Massingale is not only loved by many people, but also has some harsh critics like the Church Militant conservative Catholic news outlet, Church Militant which portrays Massingale's LGBTQ advocacy as evil.

Massingale has a reputation for being respected by his colleagues at Fordham. He was also awarded a prestigious endowed chair by the university. If Massingale has any criticisms from Fordham faculty members, they tend not to voice them in the public sphere.

Although he says he is blessed with many messages of support and hope, revealing his sexuality to the world has been a difficult decision.

He said, "I have lost some priest friend who find it difficult not to be too closely associated me because if I'm friends with them, 'what'll people say about me?'"

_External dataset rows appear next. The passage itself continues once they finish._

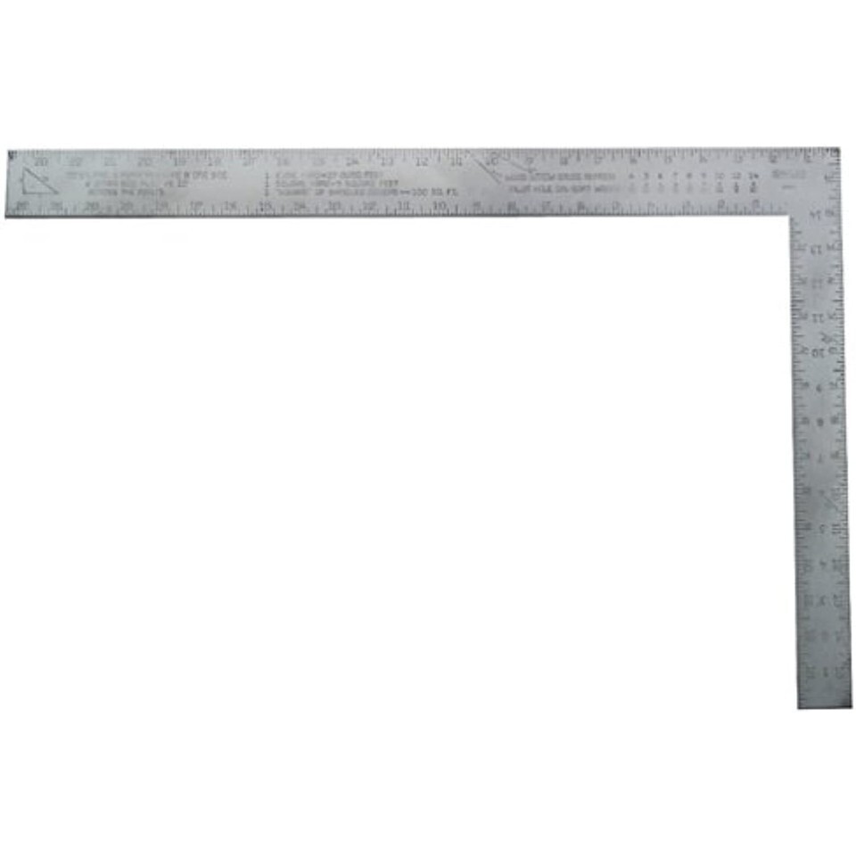 Product Description Carpenters Square, Aluminum, Buffed Finish, Body Size 24 x 2 In, Tongue Size 16 x 1 1/2 In, Graduations 1/8 In, Features Embossed Graduations, Number of Pieces 1 -- This Aluminum Carpenter's Square is a versatile tool providing a wide range of easy-to-read English measurement scales, tables, and conversions, including the new lumber scale, decimal equivalent table, and metric conversion table; formula for squaring a foundation; 45-degree, 60-degree, and 30-degree angle markings; volume and area formulas; wood screw gauge table; drill and nail sizes (common and finish); quantity per pound; and depth scale. This square is built with high tempered aluminum for maximum durability and comes with a buffed finish and protective lacquered coating to resist corrosion. The design features deep, embossed, long-wearing 1/8-inch graduations for long-term visibility; graduations and table information are on both sides of the square for added convenience. This carpenter's square has a body length of 24- by 2-inches and a tongue length of 16- by 1-1/2-inch and is backed by a lifetime limited warranty.
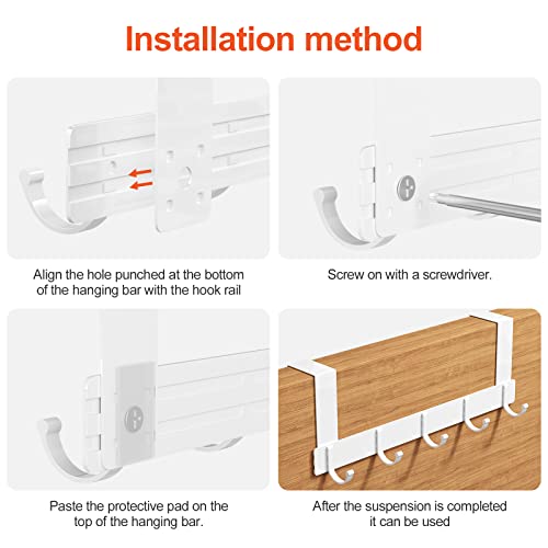 【Facile da installare】 L'installazione è molto semplice, basta allineare la parte inferiore della barra di sospensione con la posizione della guida del gancio, avvitarla con un cacciavite, attaccare il cuscinetto protettivo sulla parte superiore della barra di sospensione e poi tu può facilmente appenderlo alla fessura della porta o alla porta dell'armadio per l'uso. sfruttando appieno lo spazio sulla porta, trasformando la porta in una decorazione domestica.
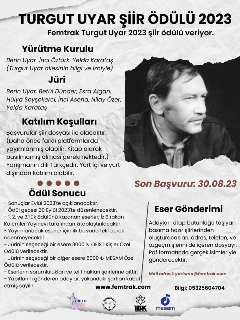 Femtrak’ın düzenlediği Turgut Uyar Şiir Ödülü için son başvuru tarihi 30 Ağustos olarak açıklandı.
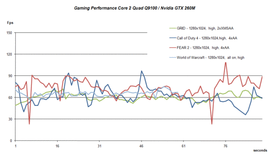 In der uns vorliegenden Ausstattung kam mit der Geforce GTX 260M allerdings die momentan zweitstärkste nicht-SLI Grafiklösung aus dem Hause Nvidia zum Einsatz. Basierend auf dem G92b Kern (9800M GTX), allerdings in 55 Nanometer gefertigt und mit 550 Mhz Kerntakt und 1375 Mhz Shader Takt versehen, ordnet sich der Grafikchip weit oben in der Leistungsklasse 1 unseres Vergleichs mobiler Grafikkarten ein. Damit ist das XMG5 auf jeden Fall als fit für aktuelle Games, auch unter DirectX 10, zu bezeichnen.
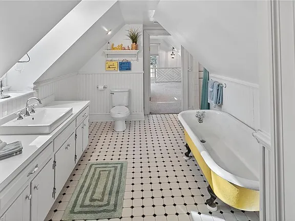 The updated kitchen offers modern conveniences while respecting the home’s historic integrity, making it a functional and stylish space for cooking and gathering.
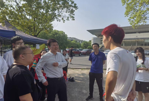 运动会期间,李社教董事长亲临意昂体育值班点慰问运动员和志愿者,他肯定了志愿者们的辛苦付出,并对打破学校三级跳远记录的姚远同学表示了祝贺。
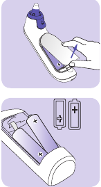 O termômetro é fornecido com duas pilhas de 1,5 V tipo AA (LR 06). Para melhor desempenho, recomendamos pilhas alcalinas Duracell ®.
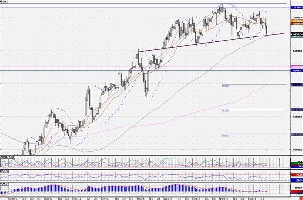 Накануне привилегированные акции «Транснефти» не удержали 21-дневной скользящей средней руб.). Сегодня бумаги продолжают откат вниз от данного уровня. На дневном графике акций происходит формирование масштабной фигуры «голова и плечи» с восходящей линией «шеи» в районеруб. Появление данной фигуры является неплохим «медвежьим» сигналом. Кроме того, показания трендовых индикаторов не исключают вероятности развития негативного сценария. Индикатор ADMI/ADX показывает, что преимущество пока на стороне продавцов (линия «медведей» находится выше линии «быков»), при этом сигнальная линия MACD(12;26;9) сверху вниз пересекается с нулевой линией. Таким образом, целью для снижения акций выступает линия «шеи», которая сегодня располагается на отметкеруб., чуть ниже данной отметки проходит 100-дневная скользящая средняя. Закрепление акций ниже линии «шеи» может усилить распродажи. Однако неопределенность на торговых площадках может нарушить «медвежьи» планы, в связи с чем при приближении к линии «шеи» «шорты» стоит сокращать. Наш 30-минутный торговый робот находится в «шортах», удерживая короткие позиции от отметки 68 831 руб.
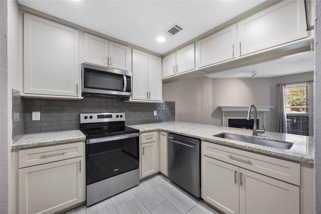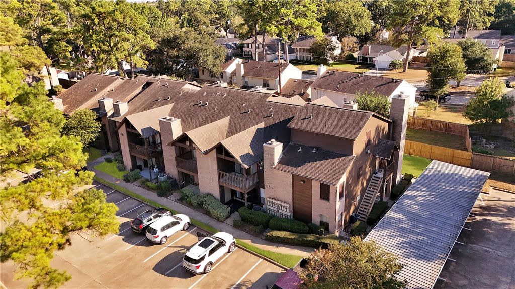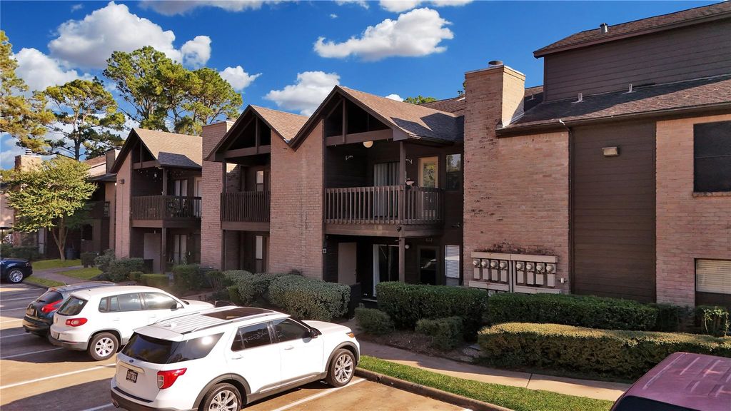 Beautifully Remodeled Condo — Move-In Ready! Fall in love with this stunning home featuring an updated kitchen with granite countertops, glass backsplash, and stainless-steel appliances. Refrigerator, washer, and dryer all included —for true turn-key living! Fresh neutral paint and carpet gives that “new home” feel throughout. Open living room with fireplace open to spacious dining area to entertain with ease. Main floor powder bath too! Enjoy parking just steps to the front door and plus community pool access for relaxing weekends. The low-maintenance lifestyle means no worries about exterior upkeep or the roof! Upstairs to two spacious bedrooms and two full baths, including a private primary suite with walk-in closet and bath. You’ll love having two outdoor spaces—a main floor patio for morning coffee and upper balcony off both bedrooms —to unwind. Perfect location with quick access to Beltway 8, 249, & 290. And best of all, the price is right! WELCOME HOME!
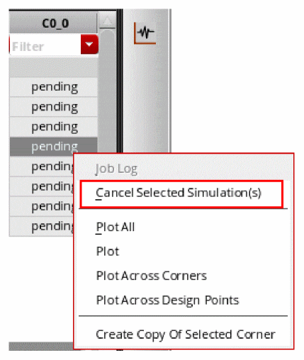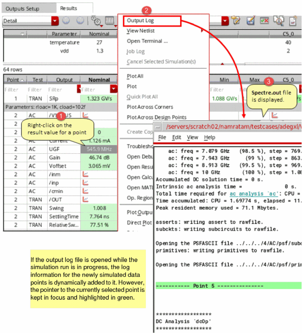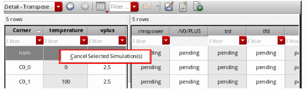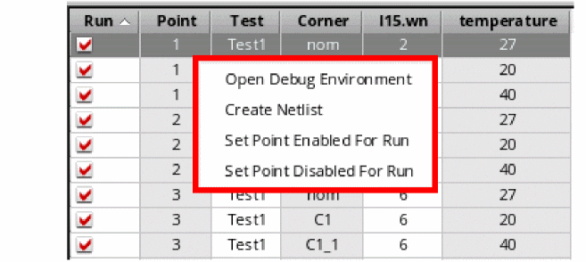 Before running a simulation for all the points, you might be interested in viewing the results of a specific design point and corner combination. In that case, you can run a simulation for only that combination and verify results. If required, make further modifications in the setup. To run a simulation for a specific design point and corner combination, right-click anywhere in the row corresponding to that combination and choose Open Debug Environment. ADE Explorer opens that simulation point in the ADE Debug Simulation Environment where you can run a simulation and view the results.
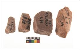 | Description / विवरण | A specimen of flake tool with prominent flaking marks. It made up of a short flakes with sides trimmed. It is rectangular in shaped. |

Massingale is optimistic about the gradual changes in the Catholic Church due to Pope Francis's recent signals and signals from European bishops who expressed a desire to see them, such as blessing same-sex marriages.

After a Fordham class, he stated that "My dream wedding would consist of either two men or two ladies standing in front of the church and marrying one another as an act de faith." "If they were Black that would be amazing."